--- About this exercise ---
Within the lines below, the span from the line with "- Widely used: 3" to the line with "ขนมเเมวเลีย 15g มีให้เลือก3รส", both ends included, is to be reproduced exactly, with pictures omitted.

START Source data

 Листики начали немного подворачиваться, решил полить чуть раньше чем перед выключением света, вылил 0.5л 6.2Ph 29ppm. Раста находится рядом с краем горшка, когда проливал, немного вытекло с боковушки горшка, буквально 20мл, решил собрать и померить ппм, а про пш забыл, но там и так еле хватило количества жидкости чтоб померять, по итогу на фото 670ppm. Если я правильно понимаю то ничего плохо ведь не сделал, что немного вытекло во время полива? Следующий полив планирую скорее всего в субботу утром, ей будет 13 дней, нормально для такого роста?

END Source data
START Source data

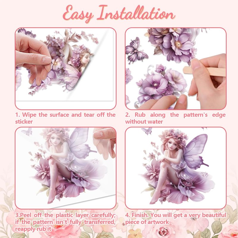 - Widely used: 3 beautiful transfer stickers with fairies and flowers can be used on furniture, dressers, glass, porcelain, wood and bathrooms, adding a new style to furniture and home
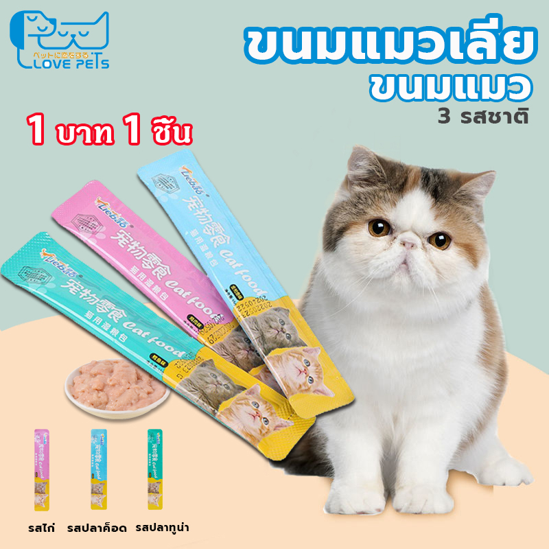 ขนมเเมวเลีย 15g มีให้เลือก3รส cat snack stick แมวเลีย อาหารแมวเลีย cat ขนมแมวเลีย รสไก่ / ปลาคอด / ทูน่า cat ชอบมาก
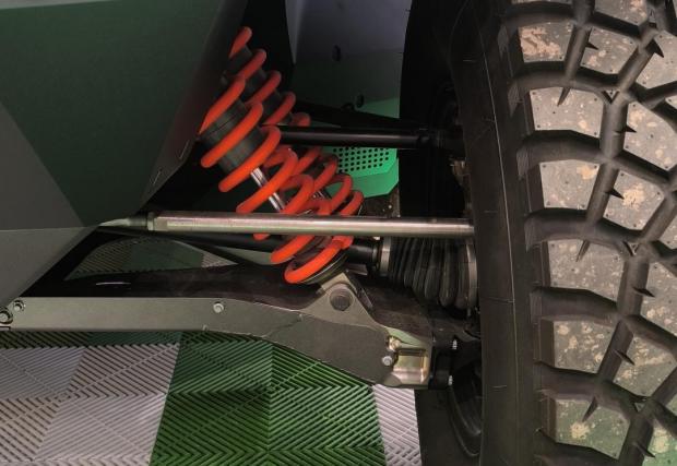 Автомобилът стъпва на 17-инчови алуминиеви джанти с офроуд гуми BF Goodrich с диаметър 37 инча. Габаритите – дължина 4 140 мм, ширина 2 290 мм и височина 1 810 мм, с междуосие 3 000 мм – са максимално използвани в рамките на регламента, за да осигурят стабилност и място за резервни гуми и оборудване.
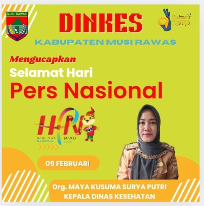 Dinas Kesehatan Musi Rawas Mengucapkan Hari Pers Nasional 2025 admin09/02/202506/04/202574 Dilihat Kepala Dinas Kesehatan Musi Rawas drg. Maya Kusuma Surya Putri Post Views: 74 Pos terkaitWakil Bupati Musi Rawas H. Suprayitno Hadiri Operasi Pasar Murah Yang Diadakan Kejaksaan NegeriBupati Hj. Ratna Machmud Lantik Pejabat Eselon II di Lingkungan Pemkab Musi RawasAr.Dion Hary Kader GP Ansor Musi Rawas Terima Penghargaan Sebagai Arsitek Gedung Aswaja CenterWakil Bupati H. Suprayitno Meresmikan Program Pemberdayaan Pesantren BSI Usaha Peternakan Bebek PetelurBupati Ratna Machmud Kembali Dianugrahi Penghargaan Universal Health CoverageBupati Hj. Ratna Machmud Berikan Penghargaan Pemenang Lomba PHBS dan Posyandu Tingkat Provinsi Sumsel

END Source data

--- Result of the task ---
 - Widely used: 3 beautiful transfer stickers with fairies and flowers can be used on furniture, dressers, glass, porcelain, wood and bathrooms, adding a new style to furniture and home
 ขนมเเมวเลีย 15g มีให้เลือก3รส cat snack stick แมวเลีย อาหารแมวเลีย cat ขนมแมวเลีย รสไก่ / ปลาคอด / ทูน่า cat ชอบมาก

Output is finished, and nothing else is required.